17:35 Écrit par rolpoup dans Dimanches & fêtes | Lien permanent | Commentaires (0)

26 février 2006

Infidèles témoins…




… d’un Dieu fidèle









La grâce et la paix vous sont données de la part de Dieu notre Père et de Jésus-Christ notre Seigneur.


(Déroulement liturgique sur les textes du jour :)


(Psaume 103 :)

Louange
1 […] Mon âme, bénis l’Éternel! Que tout en moi bénisse son saint nom!
2 Mon âme, bénis l’Éternel, Et n’oublie aucun de ses bienfaits!
3 C’est lui qui pardonne toutes tes fautes, Qui guérit toutes tes maladies,
4 Qui rachète ta vie du gouffre, Qui te couronne de bienveillance et de compassion,
5 Qui rassasie de biens ta vieillesse, Qui te fait rajeunir comme l’aigle.

Confession de péché
6 L’Éternel fait justice, Il fait droit à tous les opprimés.
7 Il a fait connaître ses voies à Moïse, Ses hauts faits aux fils d’Israël.

Seigneur, nous confessons devant toi que nous ne t’avons pas été reconnaissants, que nous ne nous sommes pas conformés à tes voies.

Grâce
8 Le SEIGNEUR est miséricordieux et bienveillant, lent à la colère et plein de fidélité.
9 Il n’est pas toujours en procès et ne garde pas rancune indéfiniment.
10 Il ne nous traite pas selon nos péchés, il ne nous rend pas selon nos fautes.
11 Comme les cieux dominent la terre, sa fidélité dépasse ceux qui le craignent.
12 Comme le levant est loin du couchant, il met loin de nous nos offenses.
13 Comme un père est tendre pour ses enfants, le SEIGNEUR est tendre pour ceux qui le craignent;
14 il sait bien de quelle pâte nous sommes faits, il se souvient que nous sommes poussière.

(2 Co 3, 4-5 :)
4 Telle est l’assurance que nous avons par le Christ auprès de Dieu.
5 Non que nous soyons par nous-mêmes capables de concevoir quelque chose comme venant de nous-mêmes, mais notre capacité, vient de Dieu.

Loi (Psaume 103 :)
15 L’homme! ses jours sont comme l’herbe; il fleurit comme la fleur des champs:
16 que le vent passe, elle n’est plus, et la place où elle était l’a oubliée.
17 Mais la fidélité du SEIGNEUR, depuis toujours et pour toujours, est sur ceux qui le craignent, et sa justice pour les fils de leurs fils,
18 pour ceux qui gardent son alliance et pensent à exécuter ses ordres.
19 Le SEIGNEUR a établi son trône dans les cieux, et sa royauté domine tout.
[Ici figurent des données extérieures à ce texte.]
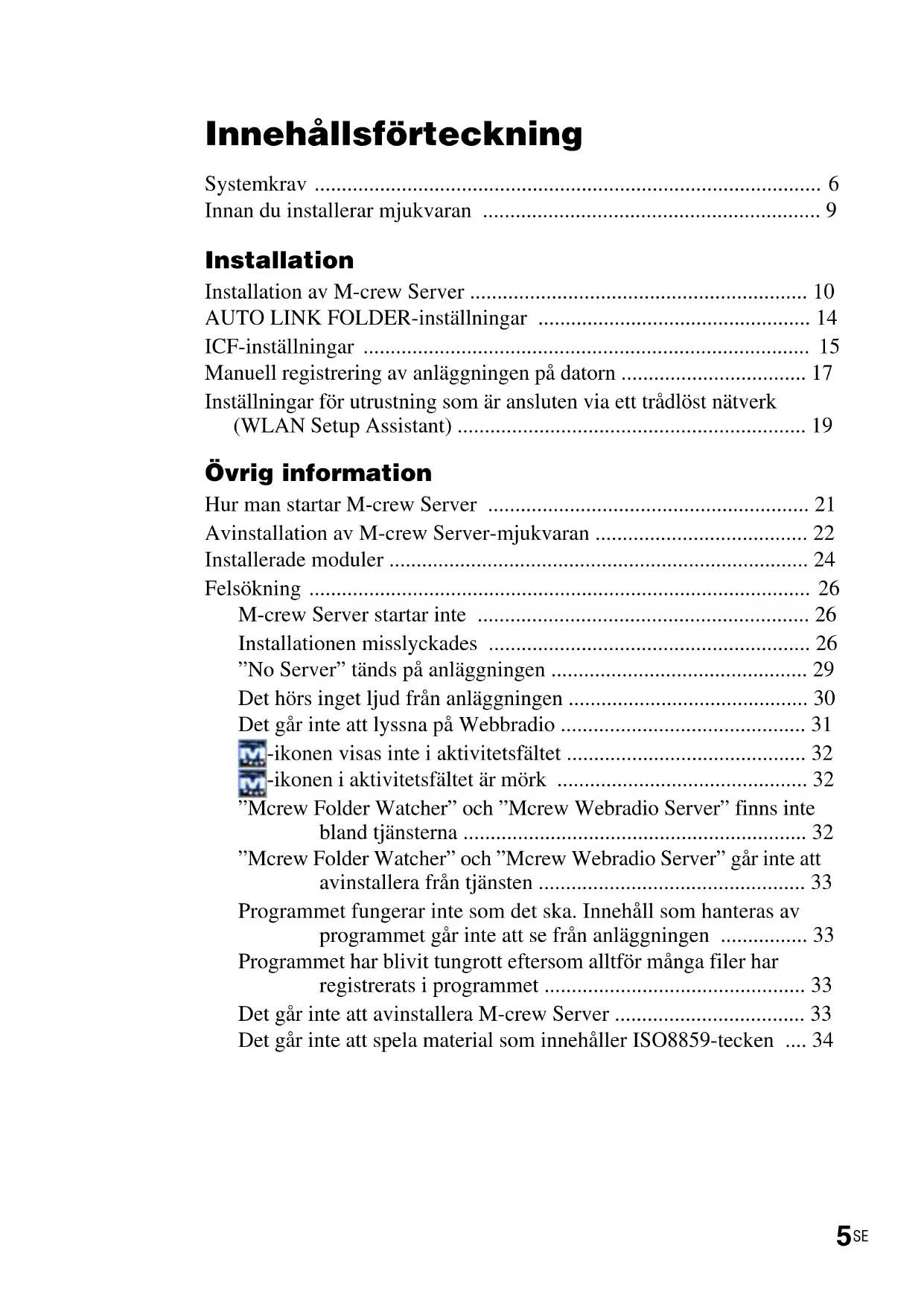 Om det skulle uppsta nagot problem när du installerar erler avinstaller M-crew Server, sök att avhjalpa problemet med hjälp av nedanstäende felsökningsschema. Om du inte lyckas bl av med problemet after att ha kontrollerat alla nedanstäende punkter sö kontaktaARNMaste Sony-handlare.

Voici donc son commandement :
20 Bénissez le SEIGNEUR, vous ses messagers, qui, de toutes vos forces, êtes au service de sa parole, qui obéissez dès que retentit sa parole.
21 Bénissez le SEIGNEUR, vous toutes ses armées, vous ses ministres qui faites sa volonté.
22 Bénissez le SEIGNEUR, vous toutes ses oeuvres, partout dans son empire. Bénis le SEIGNEUR, ô mon âme.


*


Lectures :

Osée 2, 16-20 (-22)
16 Et il adviendra en ce jour-là - oracle du SEIGNEUR - que tu m'appelleras "mon mari", et tu ne m'appelleras plus "mon baal, mon maître".
17 J'ôterai de sa bouche les noms des Baals, et on ne mentionnera même plus leur nom.
18 Je conclurai pour eux en ce jour-là une alliance avec les bêtes des champs, les oiseaux du ciel, les reptiles du sol ; l'arc, l'épée et la guerre, je les briserai, il n'y en aura plus dans le pays, et je permettrai aux habitants de dormir en sécurité.
19 Je te fiancerai à moi pour toujours, je te fiancerai à moi par la justice et le droit, l'amour et la tendresse.
20 Je te fiancerai à moi par la fidélité et tu connaîtras le SEIGNEUR.


Marc 2, 16-20 (13-22)
16 […] Des scribes pharisiens, voyant qu'il mangeait avec les pécheurs et les collecteurs d'impôts, disaient à ses disciples : "Quoi ? Il mange avec les collecteurs d'impôts et les pécheurs ?"
17 Jésus, qui avait entendu, leur dit : "Ce ne sont pas les bien-portants qui ont besoin de médecin, mais les malades ; je suis venu appeler non pas les justes, mais les pécheurs."
18 Les disciples de Jean et les Pharisiens étaient en train de jeûner. Ils viennent dire à Jésus: "Pourquoi, alors que les disciples de Jean et les disciples des Pharisiens jeûnent, tes disciples ne jeûnent-ils pas ?"
19 Jésus leur dit : "Les invités à la noce peuvent-ils jeûner pendant que l'époux est avec eux ? Tant qu'ils ont l'époux avec eux, ils ne peuvent pas jeûner.
20 Mais des jours viendront où l'époux leur aura été enlevé ; alors ils jeûneront, ce jour-là. […]


*


Les interlocuteurs de Jésus expriment leur trouble à le voir manger avec les pécheurs, infidèles à Dieu, qui frayent avec les occupants Romains, représentants d'un pouvoir idolâtre. Lui, ayant cité le proverbe populaire : « Ce ne sont pas les bien-portants qui ont besoin de médecin, mais les malades », de préciser : « je suis venu appeler non pas les justes, mais les pécheurs. »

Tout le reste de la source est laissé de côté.